Grilled salmon w/ roasted/chanterelle mushrooms and shallots
6 Servings
Ingredients
Quantity | Ingredient | |
---|---|---|
6 | larges | Peeled shallots, thinly sliced |
6 | tablespoons | Olive oil, divided |
1 | Head garlic, peeled | |
1 | bunch | Fresh thyme |
24 | mediums | Chanterelle mushrooms |
½ | Sprig fresh tarragon | |
1 | cup | Dry vermouth |
3 | cups | Chicken broth |
¼ | cup | Whipping cream |
Salt | ||
Freshly ground black pepper | ||
6 | Pieces (5-6 oz ea) fresh salmon fillets |
Directions
Stir shallots with 3 tablespoons oil, 2 tablespoons chopped thyme, 2 teaspoons chopped garlic, and salt and pepper to taste. Place on shallow baking pan and roast at 350°F 12 minutes. Clean and trim mushrooms.
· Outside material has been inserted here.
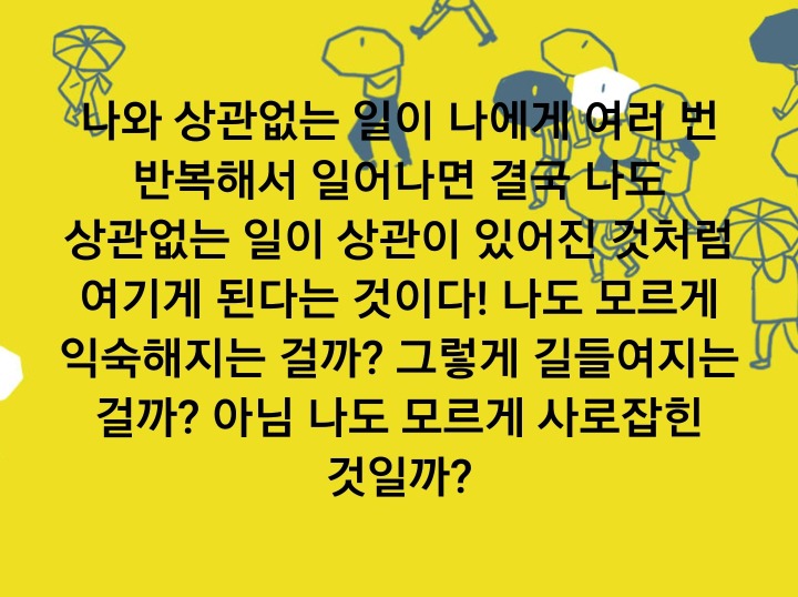 나와 상관없는 일이 나에게 여러 번 반복해서 일어나면 결국 나도 상관없는 일이 상관이 있어진 것처럼 여기게 된다는 것이다! 나도 모르게 익숙해지는 걸까? 그렇게 길들여지는 걸까? 아님 나도 모르게 사로잡힌 것일까?
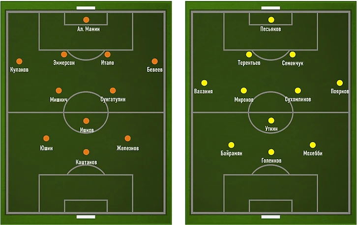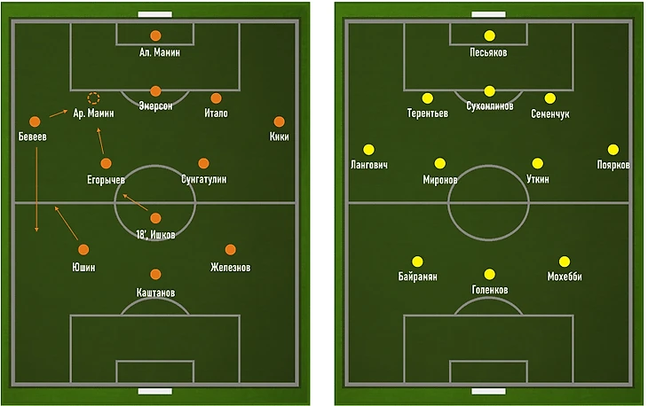 После замены Мамина, Бевеев закрыл зону третьего центрального, а Егорычев и Юшин получили задание больше возвращаться в оборону. Если Бевеев подключался по флангу, Егорычев его страховал, Ишков поднимался выше; а если Бевеев переходил в центр, Юшин поднимался к защитной линии.

Roast on separate shallow baking pan at 450°F 8 minutes. In heavy saucepan, heat 2 tablespoons oil. Add roasted shallots and 2 cloves garlic. Cook on medium high heat until shallots and garlic begin to caramelize (they will appear to be coated with a golden brown syrup). Add 2 sprigs thyme, tarragon and vermouth. Continue to cook on medium high until liquid reduces by half. Add chicken broth and cream. Turn down heat to medium and cook until liquid again reduces by half. If sauce separates, put in blender on high speeD with 1 teaspoon melted butter.) In saucepan, heat shallot mixture, mushrooms, and any juices from baking pans on medium heat. Meanwhile, brush salmon with remaining 1 tablespoon olive oil and grill or broil 5 to 6 minutes; turn. Grill 5 to 6 minutes more until salmon is opaque and flakes easily. Spoon mushroom sauce over salmon.
6 servings. Source: The Boulevard Restaurant, San Francisco, CA.